▶ [Work instruction]:
Repeat the whole listing word for word, skipping pictures.

▶ [Information provided]:
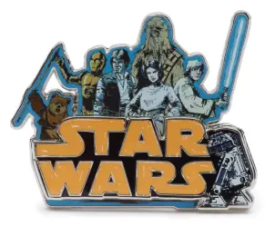 Pin features Luke Skywalker , Han Solo , Princess Leia , Chewbacca , C-3PO , R2-D2 and Ewoks
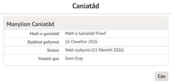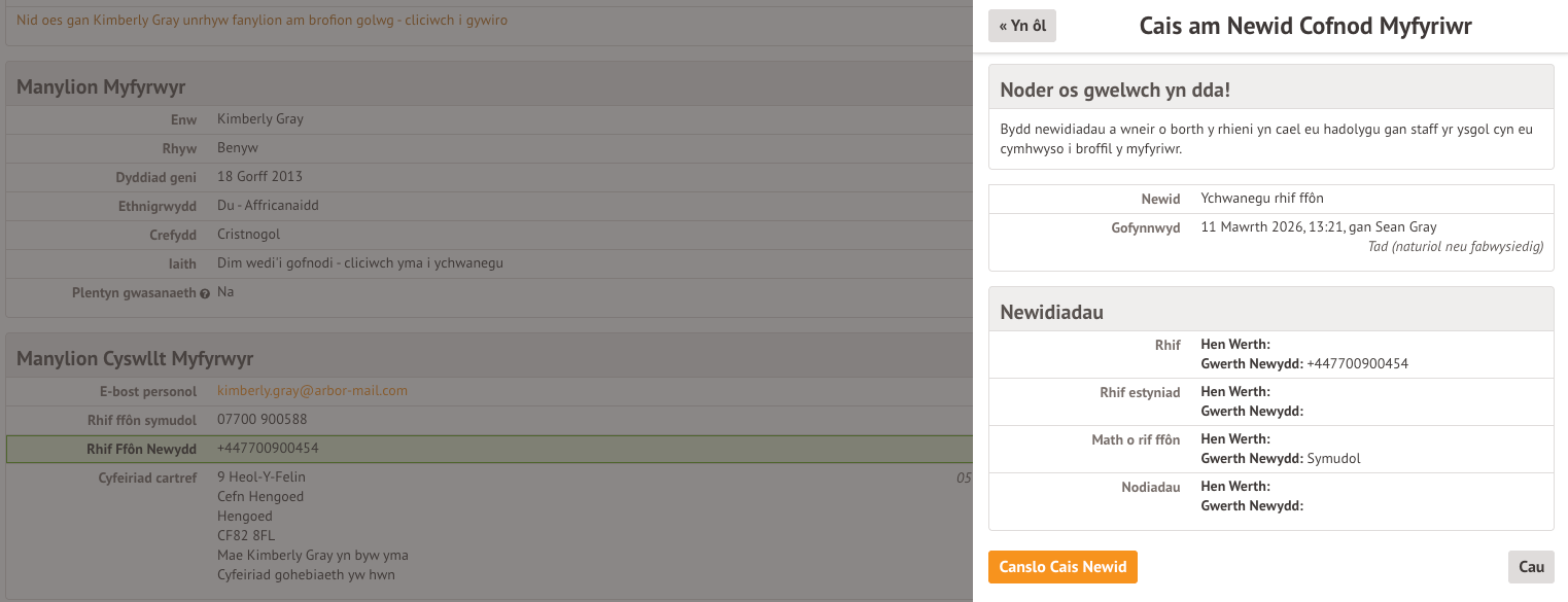 Os byddwch yn clicio ar eitem sy’n aros am gadarnhad gan eich ysgol i’r newidiadau ddod i rym, gallwch weld y wybodaeth, neu ganslo’r cais i newid.
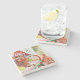 The coasters are gorgeous, a quality feel and heavy weight. They look like a precious archeological find. A rustic stone juxtaposed with a modern floral black and white print. I like the way the print goes slightly imperfect on the cut stone edges giving them a kind-of natural beauty.
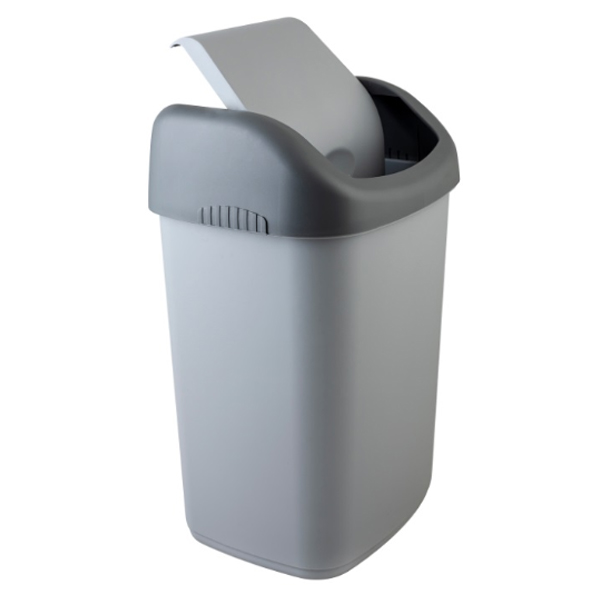 Контейнер вмещает в себя большое количество мусора, запах которого надежно удерживается внутри, благодаря специальной эргономичной крышке.

▶ [Written solution]:
 Pin features Luke Skywalker , Han Solo , Princess Leia , Chewbacca , C-3PO , R2-D2 and Ewoks
 Os byddwch yn clicio ar eitem sy’n aros am gadarnhad gan eich ysgol i’r newidiadau ddod i rym, gallwch weld y wybodaeth, neu ganslo’r cais i newid.
 The coasters are gorgeous, a quality feel and heavy weight. They look like a precious archeological find. A rustic stone juxtaposed with a modern floral black and white print. I like the way the print goes slightly imperfect on the cut stone edges giving them a kind-of natural beauty.
 Контейнер вмещает в себя большое количество мусора, запах которого надежно удерживается внутри, благодаря специальной эргономичной крышке.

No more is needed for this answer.